Department of Biology, University of Oxford, United Kingdom.
Department of Biology, University of Oxford, United Kingdom; Department of Computer Science, University of Oxford, United Kingdom.
Epidemics. 2022 Dec;41:100627. doi: 10.1016/j.epidem.2022.100627. Epub 2022 Sep 5.

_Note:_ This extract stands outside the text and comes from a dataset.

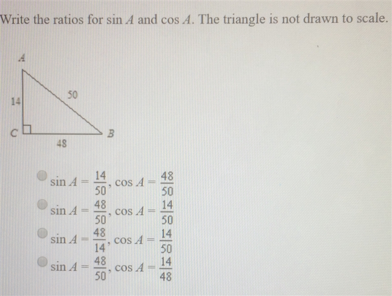 The length of the side adjacent to angle A is 14. The length of the hypotenuse is 50.

SARS-CoV-2 case data are primary sources for estimating epidemiological parameters and for modelling the dynamics of outbreaks. Understanding biases within case-based data sources used in epidemiological analyses is important as they can detract from the value of these rich datasets. This raises questions of how variations in surveillance can affect the estimation of epidemiological parameters such as the case growth rates. We use standardised line list data of COVID-19 from Argentina, Brazil, Mexico and Colombia to estimate delay distributions of symptom-onset-to-confirmation, -hospitalisation and -death as well as hospitalisation-to-death at high spatial resolutions and throughout time. Using these estimates, we model the biases introduced by the delay from symptom-onset-to-confirmation on national and state level case growth rates (rt) using an adaptation of the Richardson-Lucy deconvolution algorithm. We find significant heterogeneities in the estimation of delay distributions through time and space with delay difference of up to 19 days between epochs at the state level. Further, we find that by changing the spatial scale, estimates of case growth rate can vary by up to 0.13 d. Lastly, we find that states with a high variance and/or mean delay in symptom-onset-to-diagnosis also have the largest difference between the rt estimated from raw and deconvolved case counts at the state level. We highlight the importance of high-resolution case-based data in understanding biases in disease reporting and how these biases can be avoided by adjusting case numbers based on empirical delay distributions. Code and openly accessible data to reproduce analyses presented here are available.
SARS-CoV-2 病例数据是估计流行病学参数和模拟疫情动态的主要来源。了解流行病学分析中使用的基于病例的数据源中的偏差非常重要,因为它们会降低这些丰富数据集的价值。这就提出了一个问题,即监测的变化如何影响流行病学参数的估计,例如病例增长率。我们使用来自阿根廷、巴西、墨西哥和哥伦比亚的标准化 COVID-19 病例清单数据,以高空间分辨率和整个时间范围内估计症状出现到确诊、住院和死亡的延迟分布,以及住院到死亡的延迟分布。使用这些估计值,我们使用理查德森-露西反卷积算法的改编版,模拟了从症状出现到确诊的延迟对国家和州级病例增长率(rt)的引入偏差。我们发现,随着时间和空间的推移,延迟分布的估计存在显著的异质性,在州级水平上,不同时期的延迟差异高达 19 天。此外,我们发现,通过改变空间尺度,病例增长率的估计值可能会相差 0.13 天。最后,我们发现,在症状出现到诊断的延迟方面具有高方差和/或均值的州,其 rt 的估计值与州级原始和反卷积病例数之间的差异也最大。我们强调了基于病例的高分辨率数据在理解疾病报告偏差方面的重要性,以及如何通过根据经验延迟分布调整病例数量来避免这些偏差。重现这里呈现的分析的代码和公开可访问的数据是可用的。